9

Laura Hayward, capitana de Homicidios, contemplaba en silencio el selvático desorden que parecía brotar de su escritorio y de todas las sillas del despacho, y que se derramaba por el suelo: caóticas montañas de papeles, fotos, cuerdas enredadas de distintos colores, cedes, télex amarillentos, etiquetas, sobres… Se dijo que aquel desbarajuste era un reflejo perfecto de su estado interior.

De todas sus pruebas contra el agente especial Pendergast, tan bien encajadas, de toda la parafernalia inculpatoria de hilos de colores y etiquetas, no quedaba nada. Y pensar que todo concordaba… Pruebas sutiles pero rotundas, convincentes, de una coherencia intachable: una mancha de sangre lejos de donde tenía que estar, algunas fibras microscópicas, algunos pelos, un nudo de determinadas características, los sucesivos propietarios del arma del crimen… Las pruebas de ADN no mentían; tampoco los forenses, ni las autopsias, y todos señalaban a Pendergast. Así de sólidas eran las pruebas contra él.

Tal vez demasiado. Ese, en pocas palabras, era el problema.

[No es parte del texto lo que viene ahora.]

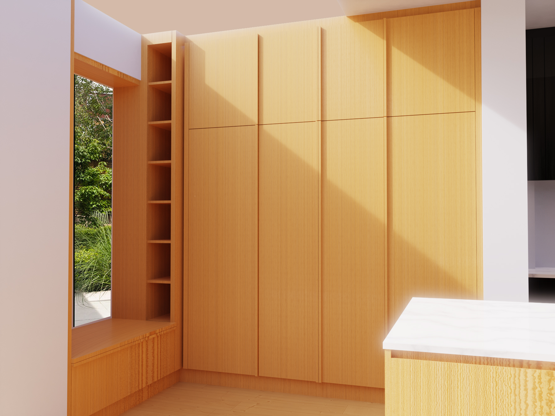 a light white oak kitchen marble counters and full height splashback add some books into the island shelf and some simple modern kitchen ceramics and glassware

Llamaron suavemente a la puerta. Hayward se giró y vio a Glen Singleton, el capitán del distrito, en el umbral. Era un hombre de casi cincuenta años, alto, con movimientos elegantes y eficaces de nadador, una cara larga y un perfil aguileño. Llevaba un traje gris marengo demasiado, caro y bien cortado para un capitán de la policía de Nueva York, y se gastaba ciento veinte dólares cada dos semanas en la barbería del vestíbulo del Carlyle para que le hicieran un corte perfecto en su pelo salpicado de canas, pero lo único que delataba todo ello era su obsesión por el aseo, no que fuera un policía corrupto. Por otro lado, a pesar de su prurito indumentario era un policía buenísimo, uno de los más condecorados entre los que seguían en activo.

—¿Puedo pasar, Laura?

Sonrió, dejando a la vista la cara perfección de su dentadura.

—Sí, claro, ¿por qué no?

—Ayer no te vimos en la cena del departamento. ¿Tenías algún conflicto?

—¿Un conflicto? No, qué va, en absoluto.

—Ah, ¿no? Entonces no entiendo que te perdieras la oportunidad de comer, beber y divertirte.

—No sé. Supongo que no estaba para muchas diversiones.

Se hizo un silencio incómodo, en el que Singleton miró a su alrededor en busca de una silla vacía.

—Perdona que esté todo tan desordenado. Es que estaba…

Hayward dejó la frase a medias.

—¿Qué?

Se encogió de hombros.

—Lo que me temía.

Después de un breve titubeo, Singleton pareció decidirse; cerró la puerta y se quedó en el despacho.

—Esto no es propio de ti, Laura —dijo en voz baja.

«Ah, lo va a enfocar así», pensó Hayward.

—Soy tu amigo y no pienso andarme con rodeos —continuó él—. Puedo imaginar qué estabas haciendo. Vas a meterte en un buen lío.

Hayward se quedó a la expectativa.

—Ha sido una investigación perfecta, de manual. ¿Por qué te flagelas?

Se quedó mirando a Singleton, haciendo un esfuerzo por controlar una erupción de rabia cuyo blanco —de sobra lo sabía— era más contra ella que hacia él.

—¿Por qué? Pues porque hay un inocente en la cárcel. El agente Pendergast no asesinó a Torrance Hamilton, como no mató a Charles Duchamp ni a Michael Decker. El auténtico asesino es su hermano Diógenes.

Singleton suspiró.

—Está claro que Diógenes robó los diamantes del museo y secuestró a Viola Maskelene. Lo confirman las declaraciones del teniente D’Agosta, de Kaplan, el gemólogo, y de la propia Maskelene, pero eso no lo convierte en un asesino. No tienes ni una prueba en ese sentido, mientras que sí demostraste brillantemente que los asesinatos fueron cometidos por el agente Pendergast.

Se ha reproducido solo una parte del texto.